**TASK DIRECTIONS**
Starting at the line that contains "中國電子學(xué)會(hu", print every remaining line of the entries, unchanged, and output nothing more.

------------------------------------------------------------

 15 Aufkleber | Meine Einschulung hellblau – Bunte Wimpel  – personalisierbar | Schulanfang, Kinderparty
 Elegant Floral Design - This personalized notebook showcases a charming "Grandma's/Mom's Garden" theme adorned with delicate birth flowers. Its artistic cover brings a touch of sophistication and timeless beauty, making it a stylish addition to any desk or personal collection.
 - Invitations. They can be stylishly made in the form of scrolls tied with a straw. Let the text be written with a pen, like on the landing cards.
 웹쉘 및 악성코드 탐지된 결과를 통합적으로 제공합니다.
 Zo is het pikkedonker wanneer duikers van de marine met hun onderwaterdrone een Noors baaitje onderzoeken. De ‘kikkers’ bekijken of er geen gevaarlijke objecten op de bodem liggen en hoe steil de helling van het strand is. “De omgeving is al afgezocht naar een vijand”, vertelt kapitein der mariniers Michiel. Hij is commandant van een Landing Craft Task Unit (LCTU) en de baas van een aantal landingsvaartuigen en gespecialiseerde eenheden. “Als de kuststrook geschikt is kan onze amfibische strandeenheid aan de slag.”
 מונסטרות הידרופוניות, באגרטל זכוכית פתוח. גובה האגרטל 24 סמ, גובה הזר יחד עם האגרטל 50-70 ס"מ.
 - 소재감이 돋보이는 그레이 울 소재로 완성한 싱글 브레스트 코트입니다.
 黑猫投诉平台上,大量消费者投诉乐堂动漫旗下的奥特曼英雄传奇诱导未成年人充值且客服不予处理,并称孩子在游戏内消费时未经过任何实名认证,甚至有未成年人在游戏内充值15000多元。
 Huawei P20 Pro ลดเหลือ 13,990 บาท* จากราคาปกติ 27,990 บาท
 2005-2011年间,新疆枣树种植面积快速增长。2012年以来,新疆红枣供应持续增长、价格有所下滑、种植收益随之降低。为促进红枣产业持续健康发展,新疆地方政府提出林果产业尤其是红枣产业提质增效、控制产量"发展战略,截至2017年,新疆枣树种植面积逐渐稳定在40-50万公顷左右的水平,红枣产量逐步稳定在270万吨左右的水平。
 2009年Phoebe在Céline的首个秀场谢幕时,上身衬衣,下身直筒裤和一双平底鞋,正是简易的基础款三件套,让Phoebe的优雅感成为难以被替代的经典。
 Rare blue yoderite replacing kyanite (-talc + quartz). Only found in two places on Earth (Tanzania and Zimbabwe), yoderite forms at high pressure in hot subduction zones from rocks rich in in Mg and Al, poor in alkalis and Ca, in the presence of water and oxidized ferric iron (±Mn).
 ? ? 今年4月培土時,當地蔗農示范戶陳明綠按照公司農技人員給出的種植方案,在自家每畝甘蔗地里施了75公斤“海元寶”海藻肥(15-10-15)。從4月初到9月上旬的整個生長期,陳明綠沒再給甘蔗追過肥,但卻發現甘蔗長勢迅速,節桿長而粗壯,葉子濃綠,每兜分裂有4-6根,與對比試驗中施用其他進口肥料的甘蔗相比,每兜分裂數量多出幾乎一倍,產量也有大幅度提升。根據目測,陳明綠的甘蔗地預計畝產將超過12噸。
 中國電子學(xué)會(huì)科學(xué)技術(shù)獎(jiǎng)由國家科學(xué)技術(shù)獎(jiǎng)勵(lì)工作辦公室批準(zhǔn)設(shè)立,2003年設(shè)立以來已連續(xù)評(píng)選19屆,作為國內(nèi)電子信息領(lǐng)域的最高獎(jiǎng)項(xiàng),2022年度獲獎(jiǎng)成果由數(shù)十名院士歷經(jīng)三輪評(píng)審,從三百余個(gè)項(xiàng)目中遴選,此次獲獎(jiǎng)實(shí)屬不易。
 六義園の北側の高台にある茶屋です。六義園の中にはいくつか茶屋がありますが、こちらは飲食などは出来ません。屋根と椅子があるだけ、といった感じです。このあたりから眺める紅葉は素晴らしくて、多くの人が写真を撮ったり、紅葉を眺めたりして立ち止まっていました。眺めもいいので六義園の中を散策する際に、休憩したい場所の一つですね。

------------------------------------------------------------

**ANSWER**
 中國電子學(xué)會(huì)科學(xué)技術(shù)獎(jiǎng)由國家科學(xué)技術(shù)獎(jiǎng)勵(lì)工作辦公室批準(zhǔn)設(shè)立,2003年設(shè)立以來已連續(xù)評(píng)選19屆,作為國內(nèi)電子信息領(lǐng)域的最高獎(jiǎng)項(xiàng),2022年度獲獎(jiǎng)成果由數(shù)十名院士歷經(jīng)三輪評(píng)審,從三百余個(gè)項(xiàng)目中遴選,此次獲獎(jiǎng)實(shí)屬不易。
 六義園の北側の高台にある茶屋です。六義園の中にはいくつか茶屋がありますが、こちらは飲食などは出来ません。屋根と椅子があるだけ、といった感じです。このあたりから眺める紅葉は素晴らしくて、多くの人が写真を撮ったり、紅葉を眺めたりして立ち止まっていました。眺めもいいので六義園の中を散策する際に、休憩したい場所の一つですね。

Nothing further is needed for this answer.